___ Given data

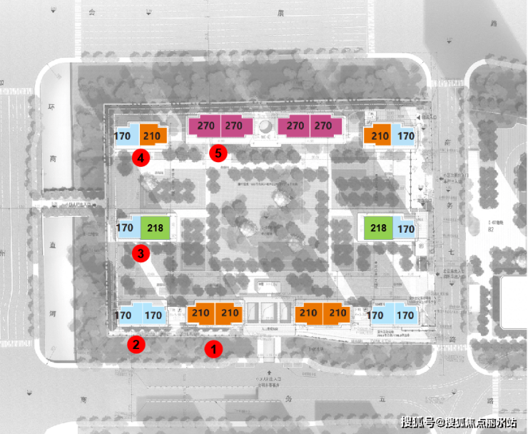时代·滨江瑧品整个项目占地约70.8亩,容积率3,规划有10栋高层和一栋高约220米的超高层,这么大的体量下,只做了区区400余套。围合式布局,呈现大间距、大中庭的形态,东西间距约127米,南北间距约105米,堪称大手笔的规划布局。园区形成了约1.3万㎡巨幕中庭景观,处处皆风景。
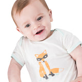 Short sleeve breathable bamboo onesie featuring a foxy fox. Quick drying and temperature regulating bamboo ensure a comfortable play and sleep. This item can be used as an under layer in cooler months. Fabulous for summer use as it is super soft and comfy, yet feels barely there!
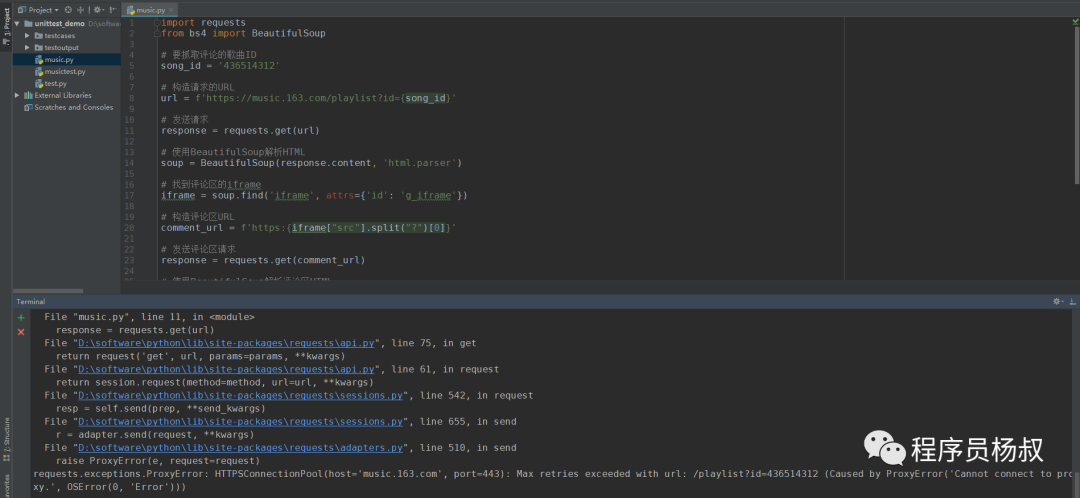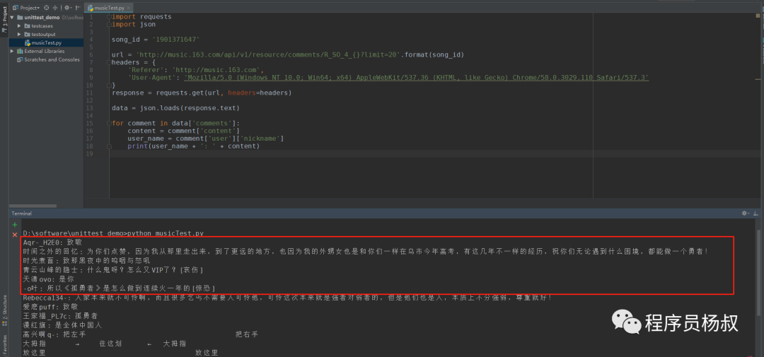 直接Copy代码到Pycharm中运行,看看是否可以正确抓取到歌曲的评论信息:
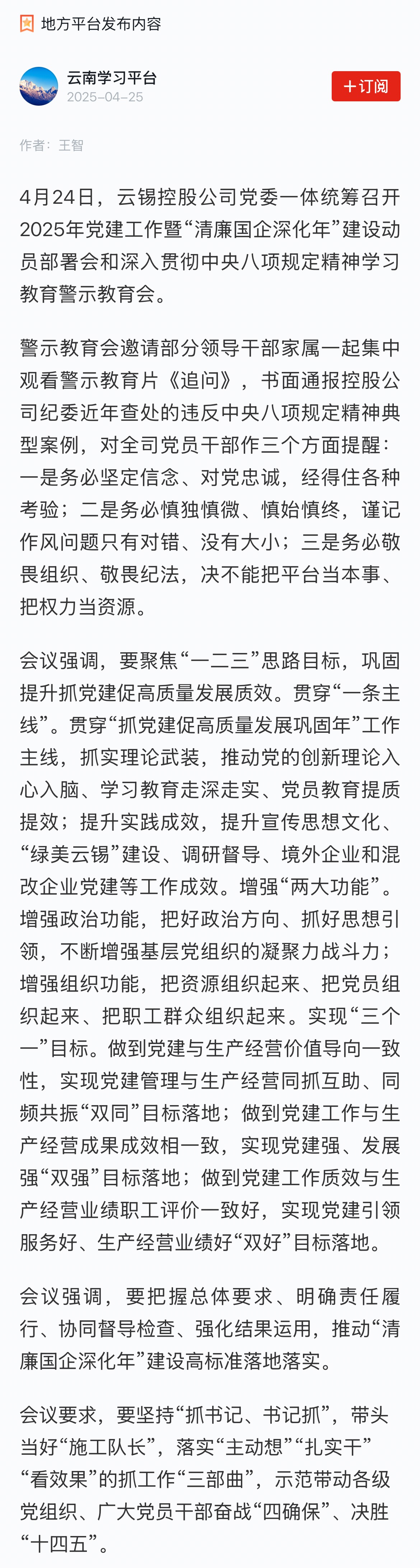 學(xué)習(xí)強國:云錫控股公司黨委召開2025年黨建工作暨“清廉國企深化年”建設(shè)動員部署、警示教育會

______

**Work instructions**
A faithful copy of all the data above, without its pictures, is the expected result.

**Finished task**
时代·滨江瑧品整个项目占地约70.8亩,容积率3,规划有10栋高层和一栋高约220米的超高层,这么大的体量下,只做了区区400余套。围合式布局,呈现大间距、大中庭的形态,东西间距约127米,南北间距约105米,堪称大手笔的规划布局。园区形成了约1.3万㎡巨幕中庭景观,处处皆风景。
 Short sleeve breathable bamboo onesie featuring a foxy fox. Quick drying and temperature regulating bamboo ensure a comfortable play and sleep. This item can be used as an under layer in cooler months. Fabulous for summer use as it is super soft and comfy, yet feels barely there!
 直接Copy代码到Pycharm中运行,看看是否可以正确抓取到歌曲的评论信息:
 學(xué)習(xí)強國:云錫控股公司黨委召開2025年黨建工作暨“清廉國企深化年”建設(shè)動員部署、警示教育會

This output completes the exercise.